Kano_model_showing_transition_over_timePreviously I talked about how to do a feature inventory with Kano to help onboard a Product Manager. Kano can help them feel acquainted with a product’s feature set and understand how customers engage with your product. You should also use Kano to take a look at customer feedback and upcoming plans. Classifying the planned features into the Kano emotional responses gives the same insights as the feature inventory, and also helps ground a product’s upcoming plans.

An important aspect of Kano when viewing future plans is that your customers’ emotional responses to features change over time. Features that were once Delighters will become Basic Needs as customers get habituated to such functionality and your competitors match you in the market. When looking at the roadmap, I like to first check that Basic Needs are met at the minimal level to reap the large returns on removing customer dissatisfaction. Basic Needs are “check the box” features, so as long as you check the box you’re good, and there’s little benefit to putting extra effort into making the “box’s check” fancy. I try to keep the MVP philosophy in mind to get the most value for the minimal effort when working with Basic Needs, as I’d much rather focus on Delighters. Delighters deserve the focus for several reasons:

  • They age better – By building a Delighter today you can reap value from that feature for a while as it ages into a Basic Need. If you were to focus only on Basic Needs, your customers would lose interest in your functionality sooner as they age into Indifferent features.

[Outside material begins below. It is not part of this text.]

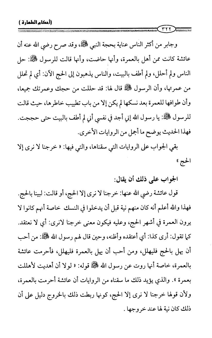 وجابر من أكثر الناس عناية بحجة النبي - صلى الله عليه وسلم -، وقد صرح رضي الله عنه أن عائشة كانت ممن أهل بالعمرة، وأنها حاضت، وأنها قالت للرسول - صلى الله عليه وسلم -: حل الناس ولم أحلل، ولم أطف بالبيت، والناس يذهبون إلى الحج الآن: أي لم تحلل من عمرتها، وأن الرسول - صلى الله عليه وسلم - قال لها: قد حللت من حجك وعمرتك جميعاً، وأن طوافها للعمرة بعد نسكها لم يكن إلا من باب تطييب خاطرها، حيث قالت للرسول - صلى الله عليه وسلم -: يا رسول الله إني أجد في نفسي أني لم أطف بالبيت حتى حججت. فهذا الحديث يوضح ما أجمل من الروايات الأخرى.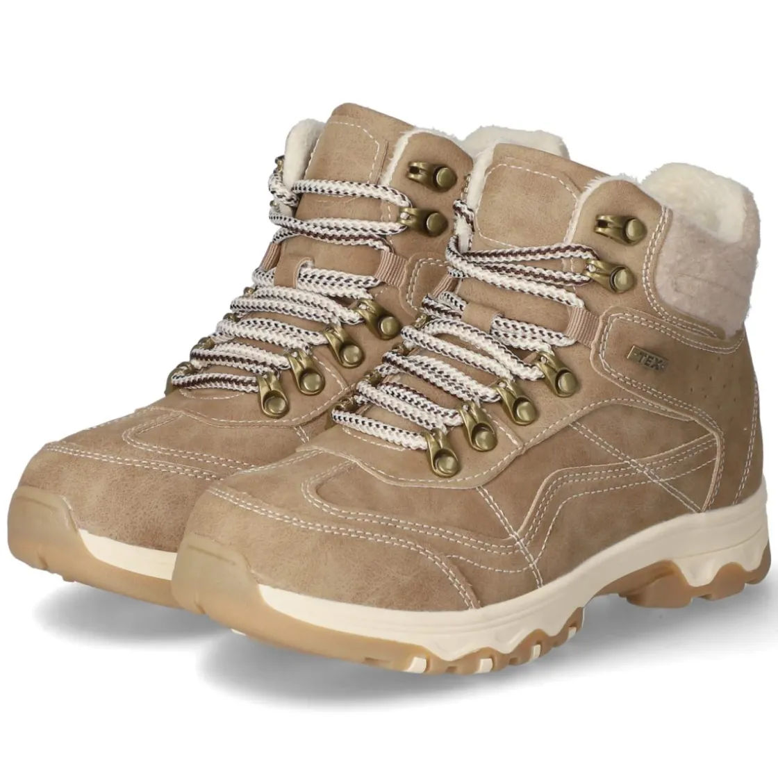 Die Damen-Stiefeletten von Jane Klain in warmem Taupe verbinden urbanen Look mit verlässlichem Komfort. Das robuste Obermaterial aus Synthetik und die TEX-Ausstattung bieten leichten Wetterschutz, während der Schaftrand in Filzoptik einen weichen Akzent setzt. Dank rund gearbeiteter Schuhspitze, normal ausfallender Passform und synthetischer Decksohle bleibt es selbst an langen Tagen bequem. Eine Anziehhilfe erleichtert den Einstieg, die Schnürung erlaubt präzises Anpassen, und der verstärkte Zehen- sowie Fersenbereich sorgt für Stabilität. Der flexible, rutschfeste Profilboden gibt Halt auf glatten Wegen und im Stadtalltag. Modetipp: Ton-in-Ton mit Strickkleid, Wollmantel und Handschuhen in Naturtönen entsteht ein zeitloser Look; für lässige Momente harmonieren Slim-Jeans und ein melierter Oversize-Pullover.

The longer lifecycle for Delighters gives you more time to focus on improving customer satisfaction even more.
  • Competitive Advantages – Delighters give jet fuel to your marketing and sales team as they are often competitive advantages that can be touted in demos and marketing materials.
  • Team Motivation – Delighters are often much more fun and enjoyable to create as they are innovative and rewarding to customers. They give your dev team a challenge and boost morale which in turn creates even more innovation.

Kano can thus be a crystal ball that predicts how your features will fare in the marketplace over time. By knowing your customer’s emotional response to your current and upcoming features, you can extrapolate how those features will age over time as the emotional responses change. Reviewing the product plans with a new PM will help them know what to be on the lookout for in customer discovery as well as where to look for Delighter opportunities when creating new features.